Optimised Fermion-Qubit Encodings for Quantum Simulation with Reduced Transpiled Circuit Depth
This work provides a practical improvement for quantum simulation of fermionic systems by reducing circuit depth, which is a key bottleneck for near-term quantum computers.
The authors develop a deterministic optimization method for ternary tree fermion-qubit encodings that reduces Pauli weight without ancillae or swap-gate overhead. For water in the STO-3G basis, their method reduces qDRIFT circuit depths by 24.7% (untranspiled) and 26.5% (transpiled) on average.

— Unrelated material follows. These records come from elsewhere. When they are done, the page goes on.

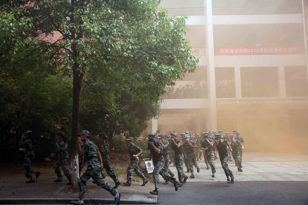 中午12:20,火灾应急疏散逃生演练正式开始。随着一声哨响,工作人员在第二教学楼内点燃了烟雾弹。不一会儿,滚滚浓烟充斥着楼道,随后刺耳的消防警报声响起。5000余名新生用随身携带的湿毛巾捂住口鼻,在义务消防员的指引下低姿势快速撤离“起火”建筑物,迅速撤离至应急避难场所。与此同时,搜救队分层对被困人员进行了搜救,益阳市公安消防特警大队消防救援车辆也赶到现场,利用水枪开展灭火作业,并依靠登高消防车对高处被困人员进行营救。
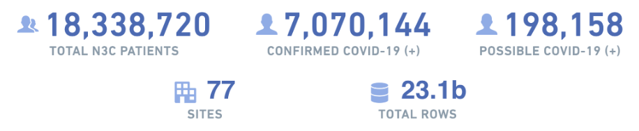 Because effective analysis of EHR data requires a diverse set of skills-especially clinical and data science/statistical expertise-N3C provides organizational structures and resources to rapidly create and support multidisciplinary research teams, many of which are geographically diverse as well. As of February 2023, dozens of these “Domain Teams” have supported over 400 research projects, contributed to by over 3,300 researchers hailing from 350+ different institutions and organizations. Over seventy data partners provide EHR data for 17 million patients (a third of whom have had COVID-19), representing 10.5 billion lab results, 3.5 billion medication records, 2 billion clinical observations, and 1 billion clinical visits. For up-to-date information on these numbers and more, visit our dashboard at https://covid.cd2h.org/dashboard.
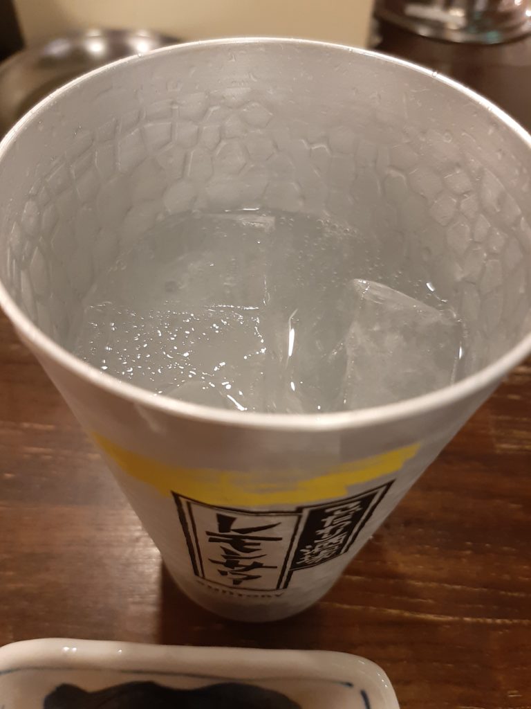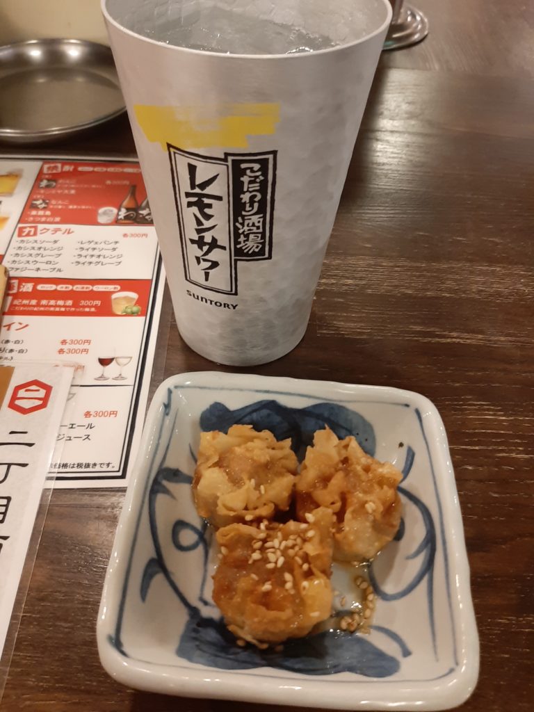 19時少し前に入店できたので、早速99円のレモンサワーを注文しました。レモンサワーの量はそんなに多くないですね。99円なので仕方ないですが。お通しは小さい揚げシュウマイ3個でした。会計時に分かったのですが、お通しは400円も取られました。
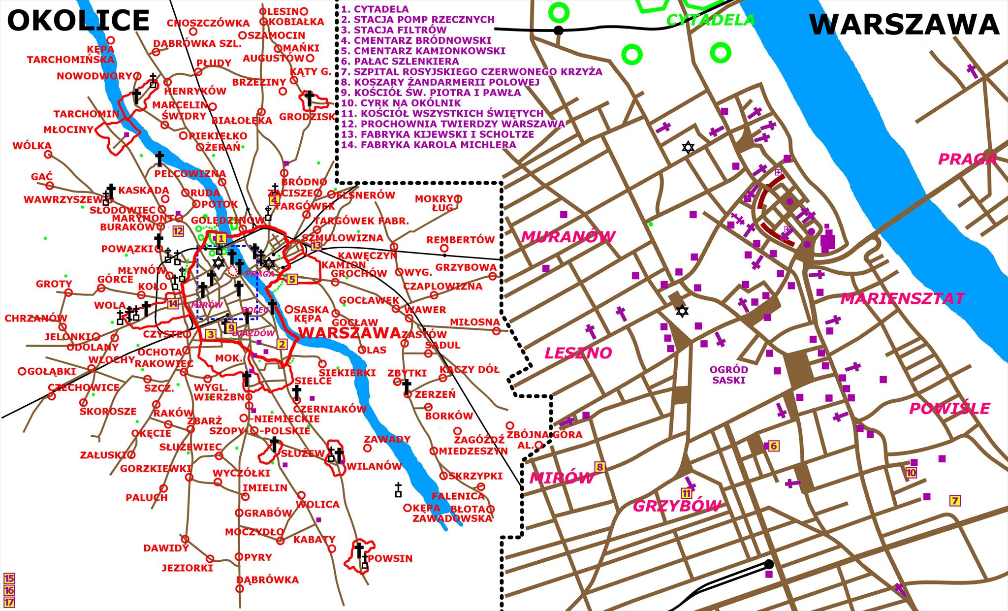 B1 => Chapel of St. Barbara | B2 => Church of All Saints | B3 => Factory of Kijewski and Scholtze
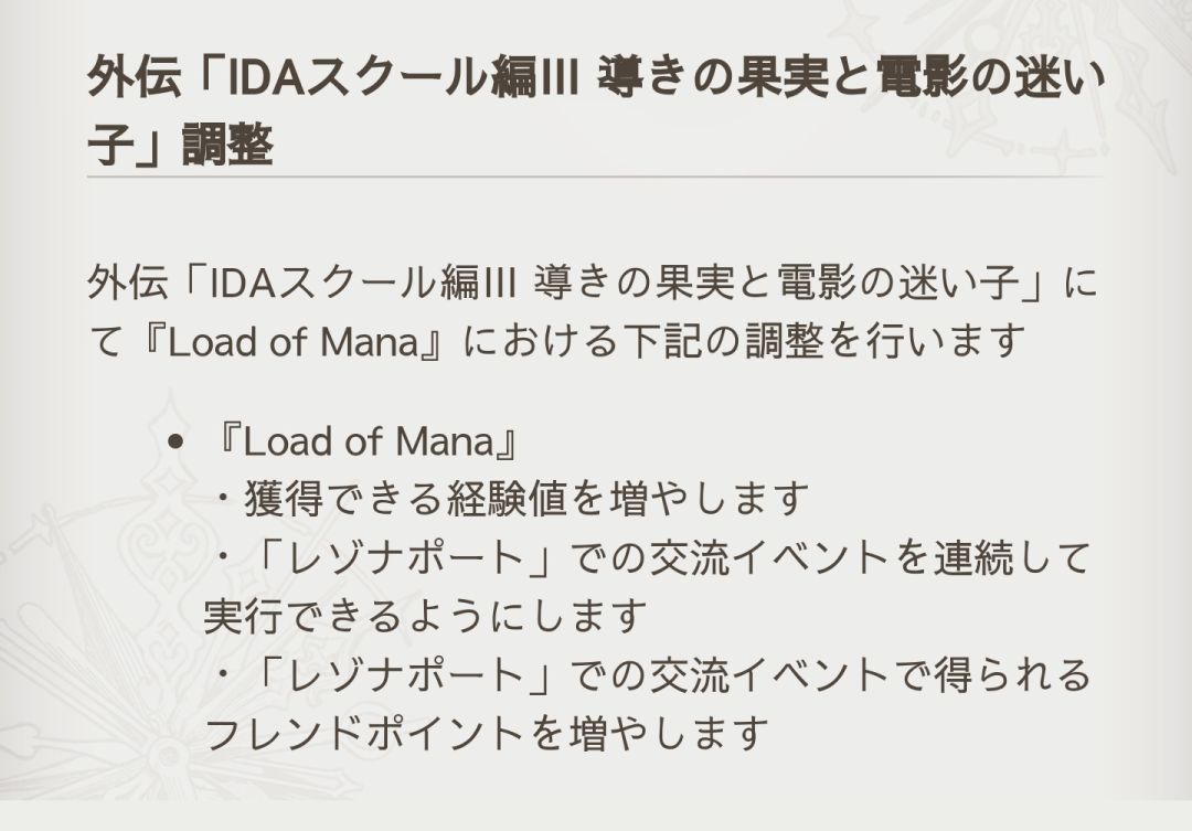 ③外传IDA3即将下修,「Load of Mana」中获得经验及友情点数增加。(预告,不在此次更新范围内)
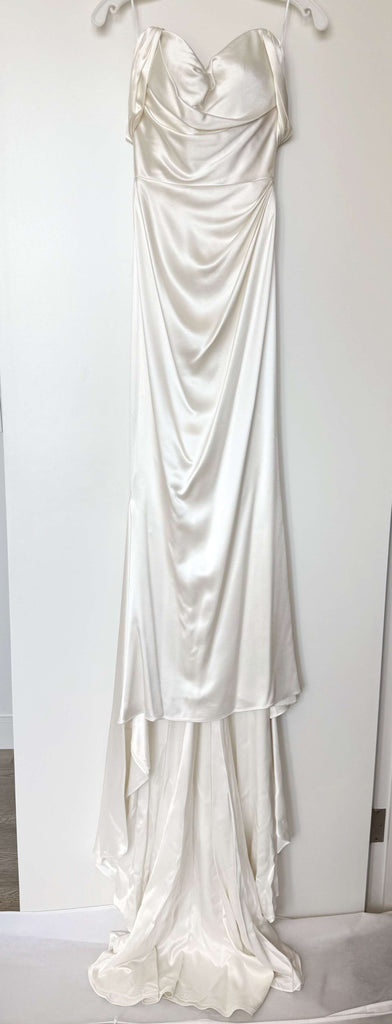 Design: Strapless gown with a romantic interior corset structure and a sweeping train.

Simulation of fermionic Hamiltonians with gate-based quantum computers requires the selection of an encoding from fermionic operators to quantum gates, the most widely used being the Jordan-Wigner transform. Many alternative encodings exist, with quantum circuits and simulation results being sensitive to choice of encoding, device connectivity and Hamiltonian characteristics. Non-stochastic optimisation of the ternary tree class of encodings to date has targeted either the device or Hamiltonian. We develop a deterministic method which optimises ternary tree encodings without changing the underlying tree structure. This enables reduction in Pauli-weight without ancillae or additional swap-gate overhead. We demonstrate this method for a variety of encodings, including those which are derived from the qubit connectivity graph of a quantum computer. Numerical results for a suite of standard encoding methods applied to water in the STO-3G basis indicate that our method reduces qDRIFT circuit depths on average by 24.7% and 26.5% for untranspiled and transpiled circuits respectively.